Reduce Web Page Lint Does More With Less
Software code is like an ever expanding gas, with script code tending to expand faster than most other kinds. Part of this expansion is due to ordinary maintenance, but it has costs. Fortunately, these can be identified and reduced, often with some serendipitous results.
Web scripts, particularly html, grow over time for a number of reasons, mainly having to do with maintenance as changes get piled on top of changes. Hopefully, these changes are highlighted with comments, ideally explanatory, for those who follow. The worst are those that remove a section or block from interpretation, but remain in the script for various reasons, none reasonable when version control is in effect.
All this extra stuff increases the KLOCs (thousand lines of code), much beloved by managers without technical expertise. This crude measure of output encourages measurement by weight rather than quality or density. But the last two are hard to measure, while the first one lends itself to qualitative activities, often a natural output of the version control systems themselves.

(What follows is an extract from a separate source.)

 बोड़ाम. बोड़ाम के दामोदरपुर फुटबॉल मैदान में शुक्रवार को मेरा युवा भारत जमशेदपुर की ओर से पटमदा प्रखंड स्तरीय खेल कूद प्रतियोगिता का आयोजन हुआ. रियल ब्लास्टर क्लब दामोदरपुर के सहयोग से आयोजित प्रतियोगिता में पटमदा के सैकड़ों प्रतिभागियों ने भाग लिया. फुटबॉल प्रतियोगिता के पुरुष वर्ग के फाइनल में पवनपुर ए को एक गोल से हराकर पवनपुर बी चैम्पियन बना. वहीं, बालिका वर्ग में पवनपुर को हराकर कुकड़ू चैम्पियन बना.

It’s always better to have comments, at least up to a point where contradictory information starts getting in the way of clarity. Not so the extra white space, with multiple tabs and such that programmers like to use in profuse quantities.

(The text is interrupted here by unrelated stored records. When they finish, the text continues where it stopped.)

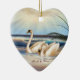 Svanar kopplar ihop - kärlek - den hjärtformade julgransprydnad keramik
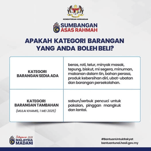 Mulai 1 Mei 2025, Barangan Kebersihan Rumah telah ditambah ke dalam senarai kategori SARA.
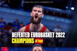 如此一來,格魯吉亞本屆歐錦賽已經先后擊敗上屆歐錦賽的冠軍和亞軍。小組賽格魯吉亞83比69擊敗西班牙,這場比賽也讓他們在相互交手戰(zhàn)績上占優(yōu),最終他們和西班牙都是2勝3負,憑借交手戰(zhàn)績優(yōu)勢,他們拿到小組第4出線,西班牙則小組出局。
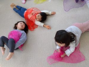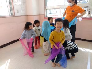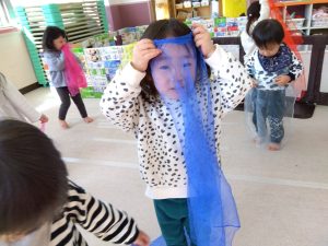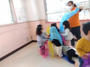 最後は、今までと同じで子どもたちの好きなリトミックスカーフでいないいないばぁをします![]()

The costs of all this lint shows up in two major areas. The first is in the maintenance activities themselves, as the thicket of lint and KLOCs start to obscure the quick and the working. Another cost component is the increased time it takes to transmit a scripted page, and then to interpret it, either by a web browser or a search engine indexer.
Transmission times tend not to concern designers and developers too much, if at all. On the surface this indifference can make sense in this age of increasing availability of high speed pipes, and the tacit assumption that more pipes are lighting up every day and that they will only get bigger. But the lint component of delivered content can easy tip 20%, and often exceed 30%. This is increased transmission time, and everyone knows that time is money, and maybe having to get another server ready.
Reducing transit time by 20% means moving that portion of line costs straight to the bottom line, resulting in a return on investment that can be quite impressive. Search engines don’t have to do as much work either, which can result in deeper indexing.
All it takes is a vanishingly small one time investment in a program that removes the lint from the script code before it goes out, either to a web site server repository, or inline with the output handler. This works not only with straight html, but cascading style sheets and javascript sections as well. And, doing this has the side benefit of protecting these exposed intellectual assets by making reverse engineering very difficult because these long strings are really hard for a human to read.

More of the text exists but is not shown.